Third, we may proclaim Christ without apology. We might note that the Apostles ministered in a world every bit as sexually degraded and diverse as ours. Yet the Apostles approach was declarative rather than nuanced. Read again the household codes of Ephesians 5:21-6:4; Colossians 3:18-21, and 1 Peter 3:3-7. Read again the sexual ethics of 1 Corinthians 5:1-13, Ephesians 5:3ff, Colossians 3:5ff. Read again the warnings of 1 Corinthians 6:9-11, 15-20, and Galatians 5:19, 20. These texts are all un-nuanced. They are direct and declarative. Our equivalent might be to say, “What are we about to study this morning is strange for many of you. You may not have heard anything like this before. Yet it is what the Bible teaches. It is God’s word, and here is what He says…”
Obviously the first alternative is no alternative if we are to be faithful. The third is what we must do, the second which we may if we are able. We must also recognize the built-in tension between what we have to say to the world and what we must say to our own people. We must not neglect to define marriage as between a man and a woman because we may offend the Gay-rights progressives. We must not neglect to define humanity as distinctly and unalterably male and female because we offend those who wish to see transgenderism as a civil rights issue. We must not neglect to teach male headship in the church and home because we may offend radical feminists. We must not neglect to teach child discipline because we may offend those who oppose corporal punishment.
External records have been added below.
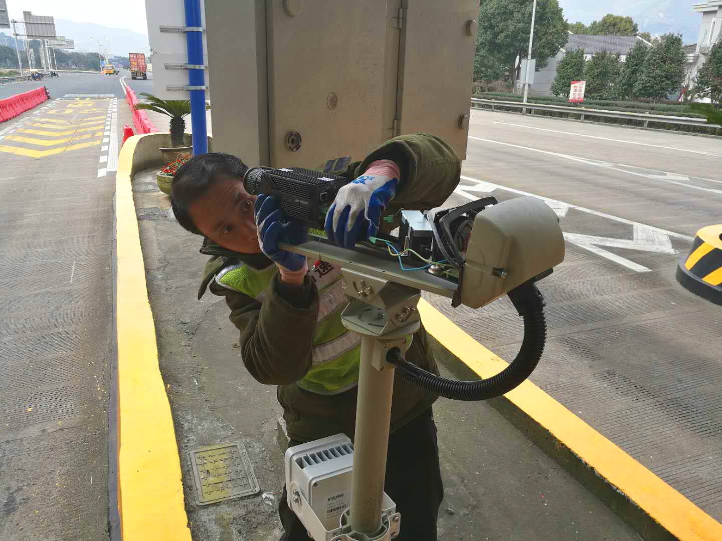 圖為廠家人員在調(diào)試設(shè)備 公司路段人工車道車牌抓拍識別系統(tǒng)已于去年全部更新?lián)Q代,而ETC車道因當(dāng)時還尚能滿足收費條件沒有更換。但隨著收費系統(tǒng)不斷升級,當(dāng)切換人工收費,要求錄入全部車牌時不僅效率低,而且容易出錯,嚴(yán)重影響了收費操作速度。 公司工程養(yǎng)護(hù)部機(jī)電設(shè)備維養(yǎng)中心發(fā)現(xiàn)這一問題后,立刻聯(lián)系了車牌抓拍設(shè)備廠家,并在設(shè)備到位當(dāng)天,中心隊員就著手安裝和接線工作,方便廠家人員后續(xù)調(diào)試,以便盡快啟用自動車牌抓拍系統(tǒng)。因調(diào)試過程涉及到與軟件方配合,中心隊員便一起協(xié)助廠家溝通聯(lián)系,加班加點已成常態(tài)。經(jīng)過雙方近十天努力,一套集車牌抓拍、高清視頻于一體的監(jiān)控設(shè)備佇立在車道安全島上。 自動車牌抓拍系統(tǒng)的成功安裝,不僅提升了收費操作速度,還可以隨時掌握每輛車經(jīng)過的點位及高清圖片,減少車輛違法行為,在打擊車輛偷逃通行費等方面也將起到積極作用。 項寅曉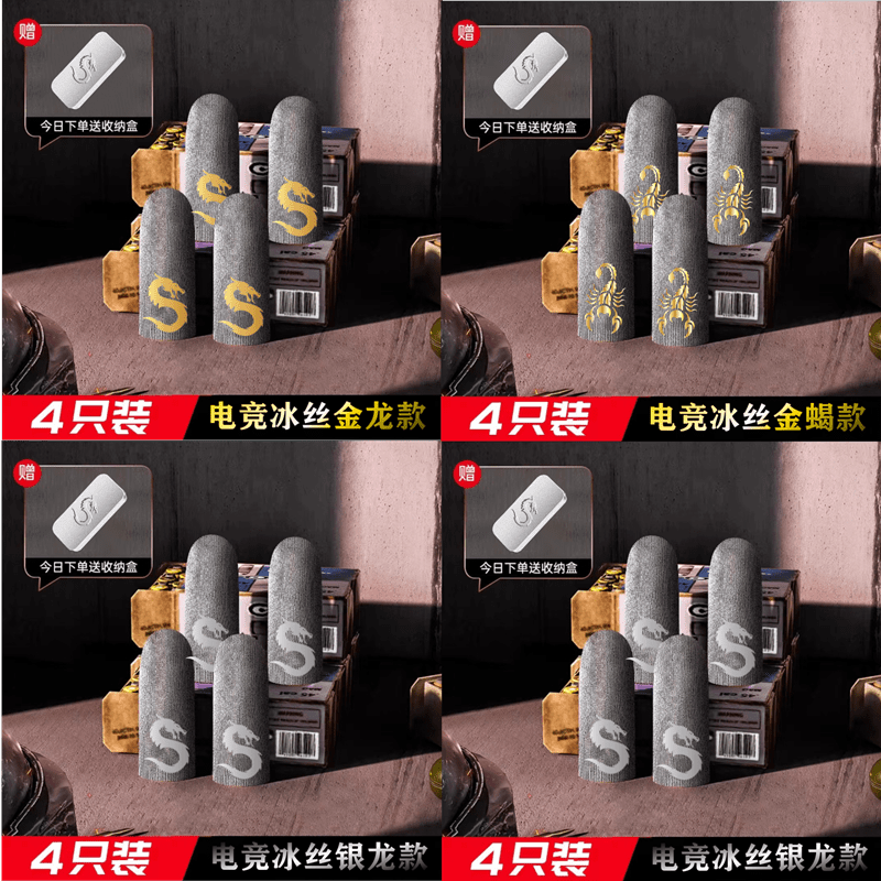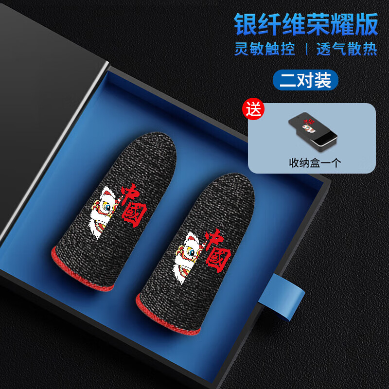 游戏指套电竞吃鸡手指套防汗冰丝薄防滑拇指套王者打手游 国潮定制款【冰丝导纤维】4只装 【配收纳盒】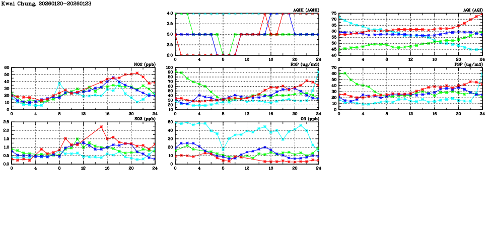 | Air Quality Data Time Series in Kwai Chung (2026/01/23) | ( Line colors: Day -3 Day -2 Day -1 Current day ) | 2D Map Current AQHI |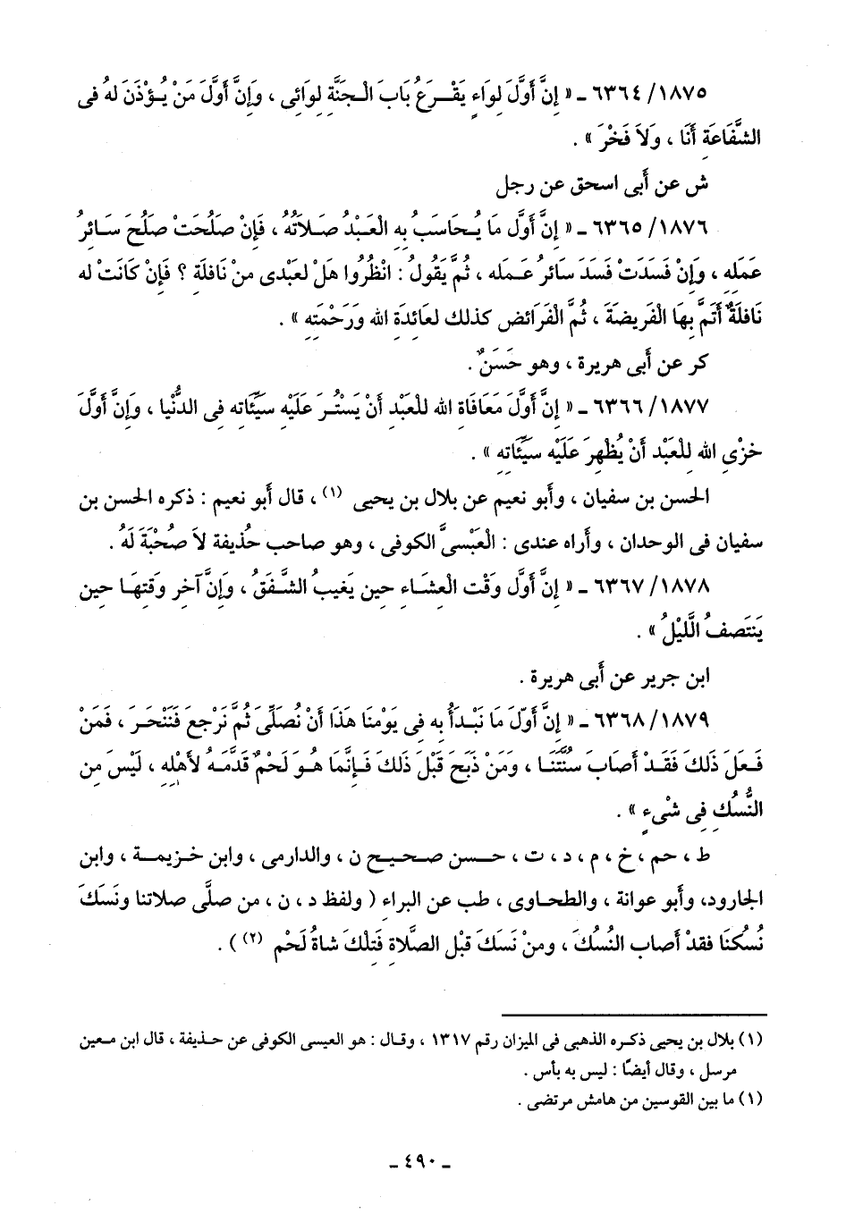 1876/ 6365 - "إِنَّ أَوَّل مَا يُحَاسَبُ بِهِ الْعَبْدُ صَلَاتُهُ، فَإِنْ صَلُحَتْ صَلُحَ سَائِرُ عَمَله، وإِنْ فَسَدَتْ فَسَدَ سَائرُ عَمَله، ثُمَّ يَقُولُ: انْظُرُوا هَلْ لعَبْدى منْ نَافلَةِ؟ فَإِنْ كانَتْ له نَافلَةٌ أتَمَّ بِهَا الْفَريضَةَ، ثُمَّ الْفَرَائض كذلك لعَائِدَةِ اللَّه وَرَحْمَتِهِ".

Are we out of step with science? No, the opposite. Recognizing the distinctive humanity of the unborn from conception is dealing with the real world; referring to the fetus as an “embryonic mass” is not. Recognizing that men and women physiologically are designed for reproductive union is dealing with reality; insisting that erotic relationships between men and erotic relationships between women are in any way natural is not. Recognizing that men are distinctively and unalterably men and women are distinctively and unalterably women is dealing with reality found in every cell of their bodies, whereas maintaining that hormone treatments and surgery can turn a man into a woman or a woman into a man is not. Recognizing that foolishness is bound up in the heart of a child and only the rod will drive it out is dealing with reality of fallen human nature, whereas asserting the essential goodness of humanity is not.
Our first responsibility is to teach our own people and teach we must, given the avalanche of contrary propaganda with which the media bombards our people and their children daily. Fail to do so and Christian marriage, the Christian family, and the Christian home may disappear altogether. Fail to “tell the coming generation the glorious deeds of the Lord” (Ps 78:4), and Christianity in America may disappear as well.